Ramon’s essay is going to be graded, but Dr. Algon’s feedback is not. Does that matter? Maybe a little. Ramon is expected to adhere to a student code of conduct, which may include language that deems his use of ChatGPT a breach of academic integrity. There is no similar policy dictating that Dr. Algon’s feedback must be her original work. But then again, very few faculty would say that the standards of academic integrity are somehow one-sided. We would never say that while students much avoid plagiarism, faculty are free to claim other’s work as their own.

Is it the words that matter, or are they a proxy?

When Dr. Along’s student reads the essay feedback, the content of the feedback is what matters. For both the author, Dr. Algon, and their student, what matters is that the feedback is appropriate, useful, actionable, etc. The feedback itself is the only goal here. The student doesn’t need (or want) to know what was going on in Dr. Algon’s mind when writing the feedback, they just want good feedback! If there is a tool that makes this more efficient and effective, whether that is stock text to be copied and pasted, or ChatGPT, why would the student care if Dr. Algon uses it?

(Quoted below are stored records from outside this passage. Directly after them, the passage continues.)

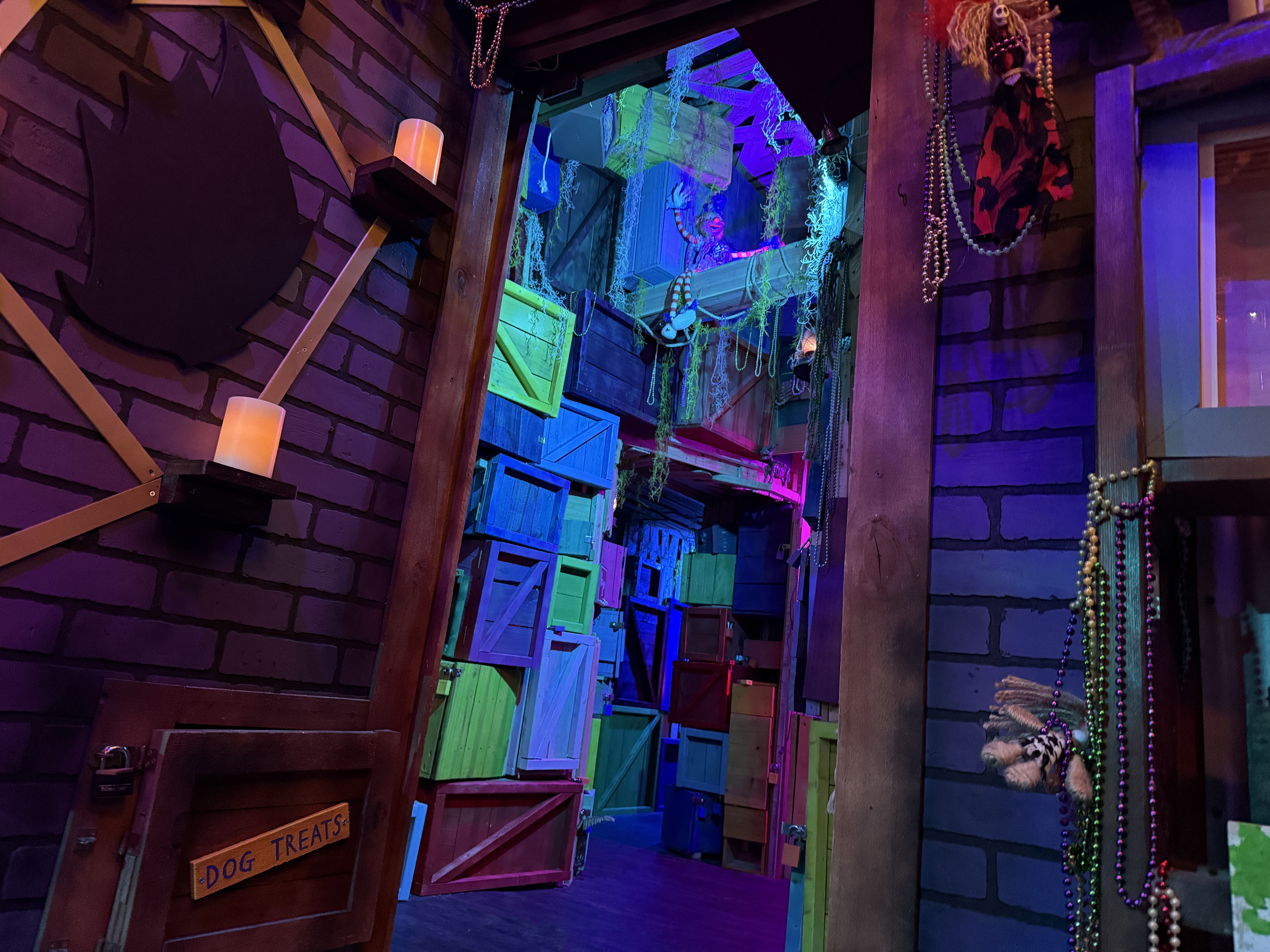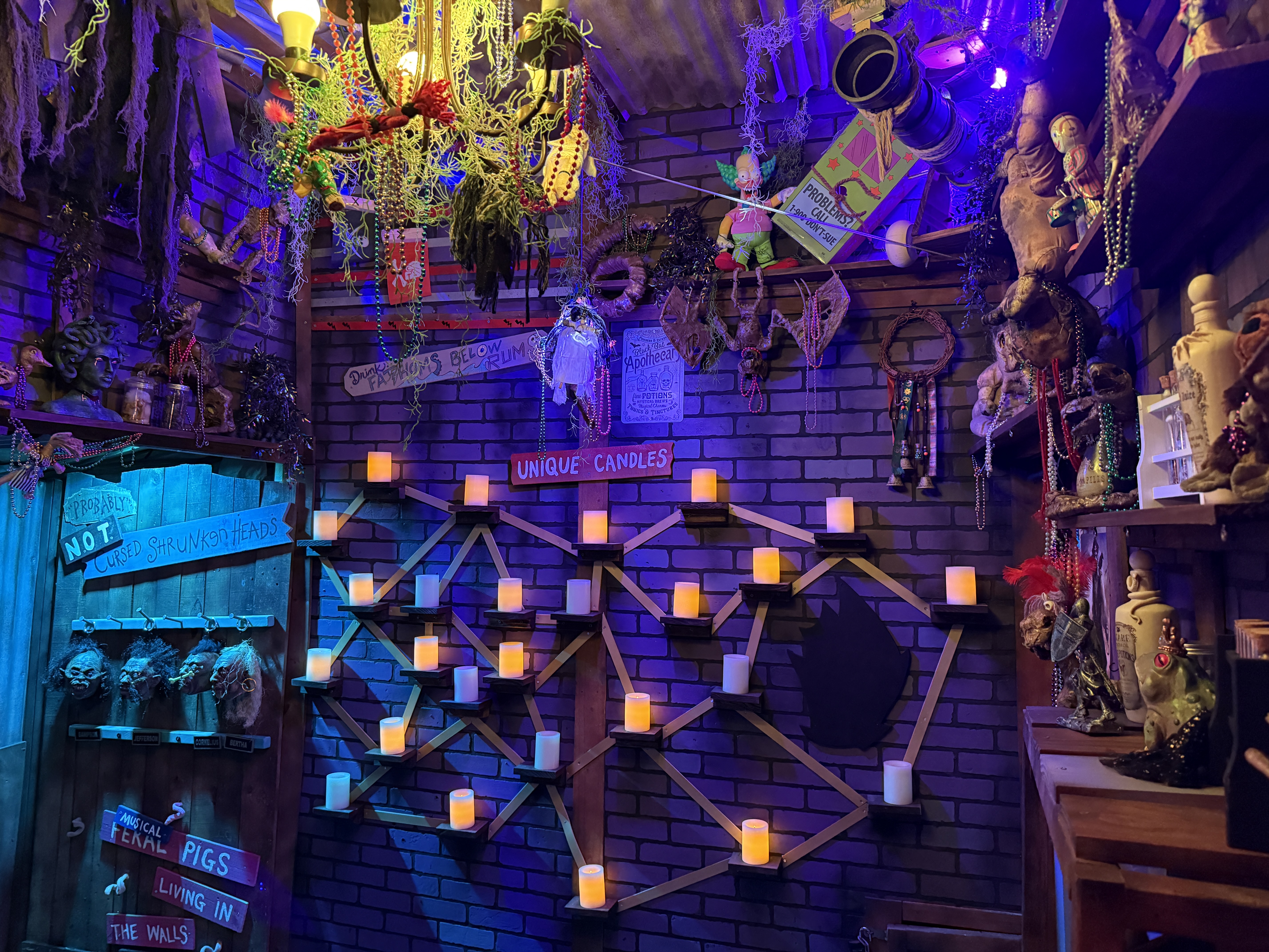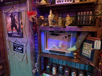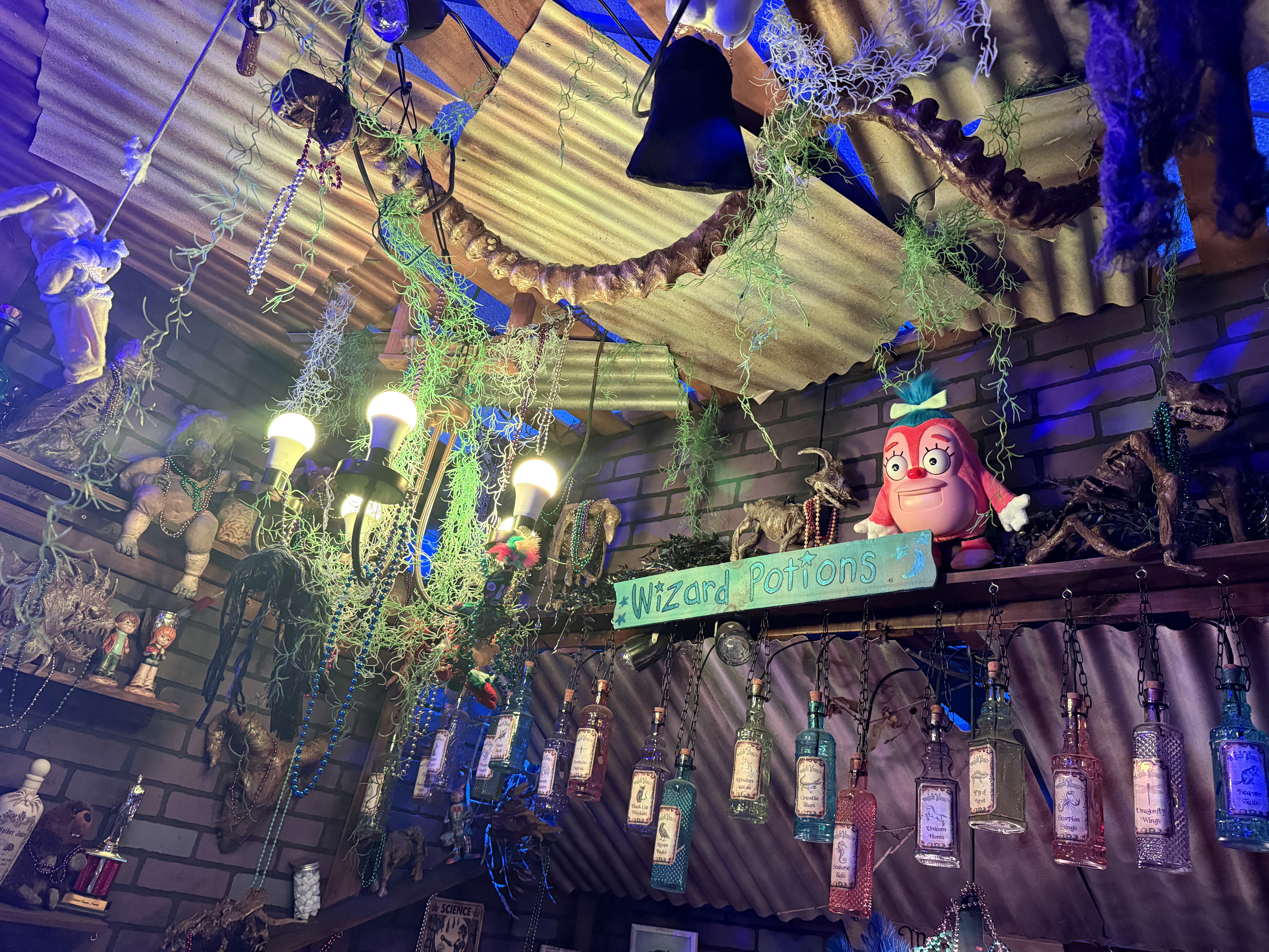 With the Witch Doctor away, the door into the customer area of his shop creaks open on its own, as if to welcome Helpers to their new job. Purple bricks of various shades line the walls, creating a slightly spooky but still cartoonish vibe. Dark wooden shelves surround the shop, each lined with bizarre artifacts, strange knickknacks and quite a few odd little (mostly mummified) animal corpses.  Hanging Spanish moss creeps through every slatted ceiling board, with even the rusted tin roof panels seeming to struggle to get the Louisiana Bayou to stay outside where it belongs. Sparkling Mardi Gras beads collect dust all around, adding a flare of colorful fun that lightens the mood while also reenforcing the Witch Doctor’s deep voodoo roots.
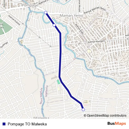 Bus Pompage TO Malweka in Kinshasa: Stops & Timetable
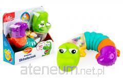 Słodziak na kółkach bawi dźwiękiem i światełkami! Jeżyk ze sznureczkiem do prowadzenia rączką, posiada na boku dwa aktywne przyciski, w kształcie grzybka i jabłuszka, które po naciśnięciu świecą, a także aktywują melodie oraz edukacyjne piosenki. Na drugim boku jeżyka znajduje się motylek, który podczas przesuwania zabawnie terkocze. Zwierzak wyposażony został w praktyczny przełącznik ON/OFF, umożliwiający wyłączenie jeżyka po zakończonej zabawie.
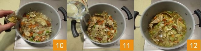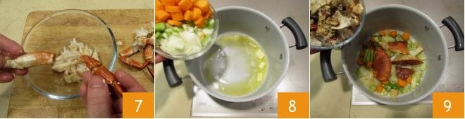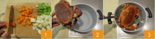 Twist the legs one at a time with a firm motion in the opposite direction to which they are oriented to detach them and extract the hidden meat inside 7. Keep the remnants aside as they will be useful. In a pan, melt the butter and add the oil 8. Add the roughly chopped vegetables and sauté for 5 minutes. Add the crab remnants 9,
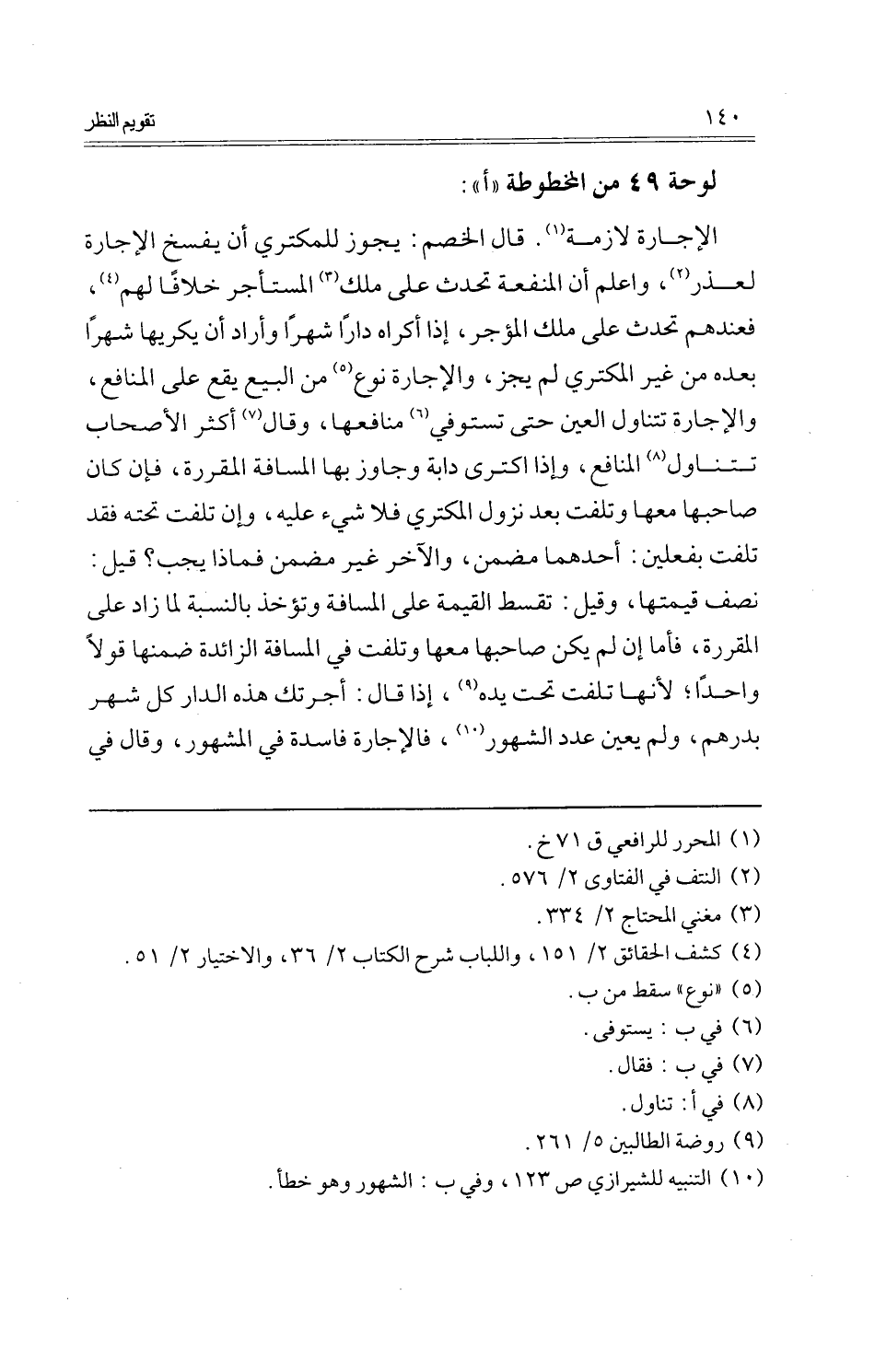 الْإِجَارَة لَازِمَة. قَالَ الْخصم: يجوز للمكتري أَن يفْسخ الْإِجَارَة لعذر، وَاعْلَم أَن الْمَنْفَعَة تحدث على ملك الْمُسْتَأْجر خلافًا لَهُم، فعندهم تحدث على ملك الْمُؤَجّر، إِذا أكراه دَارا شهرا وَأَرَادَ أَن يكريها شهرا بعده من غير الْمُكْتَرِي لم يجز، وَالْإِجَارَة نوع من البيع يَقع على الْمَنَافِع، وَالْإِجَارَة تتَنَاوَل الْعين حَتَّى تستوفي مَنَافِعهَا، وَقَالَ أَكثر الْأَصْحَاب تتَنَاوَل الْمَنَافِع، وَإِذا اكترى دَابَّة وَجَاوَزَ بهَا الْمسَافَة المقررة، فَإِن كَانَ صَاحبهَا مَعهَا وَتَلفت بعد نزُول الْمُكْتَرِي فَلَا شَيْء عَلَيْهِ، وَإِن تلفت تَحْتَهُ فقد تلفت بفعلين: أَحدهمَا مضمن، وَالْآخر غير مضمن فَمَاذَا يجب؟ قيل: نصف قيمتهَا، وَقيل: تسْقط الْقيمَة على الْمسَافَة وَتُؤْخَذ بِالنِّسْبَةِ لما زَاد على المقررة، فَأَما إِن لم يكن صَاحبهَا مَعهَا وَتَلفت فِي الْمسَافَة الزَّائِدَة ضمنهَا قولا وَاحِدًا؛ لِأَنَّهَا تلفت تَحت يَده، إِذا قَالَ: أجرتك هَذِه الدَّار كل شهر بدرهم، وَلم يعين عدد الشُّهُور، فَالْإِجَارَة فَاسِدَة فِي الْمَشْهُور، وَقَالَ فِي

On the other hand, Ramon’s Principle of Management professor does not actually care about the words Ramon writes (aside from mild curiosity about the personalized parts). The Management Professor knows the topic of the essay very well and isn’t seeking new insights from their students. Instead, the content of the writing is a proxy. The Management Professor, like so many of their colleagues, assigns an essay like this believing that if a student can write a 2-page analysis of Fayon’s “General and Industrial Administration,” it implies the student has actually learned useful management concepts. That learning is what the professor actually cares about. The content of the writing is treated as indirect evidence of student understanding, or even skill. This is one reason plagiarism is considered academic misconduct. If Ramon submits someone else’s writing, then the writing is no longer a proxy for Ramon’s understanding. The premise of the essay is broken, making the assessment invalid.

Similar Situations

This divide between writing in which the content is the purpose and writing in which the content is a proxy certainly shows up elsewhere. If you read instructions on how to submit your taxes, the writing is the point. You want clear, accurate, easy-to-follow instructions, and you don’t care at all who wrote them, or how. On the other hand, if you are writing a letter of apology to a loved one, the writing is a proxy for your state of mind and intentions.

[The day after I noted that a letter of apology is a good example here, news broke about a university using ChatGPT to write a message about a recent shooting at Michigan State University.]

Perhaps writing as a proxy is dead?

What does assessment in education look like if we assume that “writing as proxy” is dead to us? In other words, let us state up front that instructors cannot know whether the words they read were written by the student that submitted them. This would instantly call into question (or outright invalidate) an enormous number of assessments in a wide array of courses at every university.

I think that is close to the truth of this moment, and I hope we will grapple with the implications. More specifically, I hope we will take this crisis in assessment as an opportunity to change teaching and learning for the better, finally putting into practice the irrefutable evidence that has accumulated in 50+ years of educational research.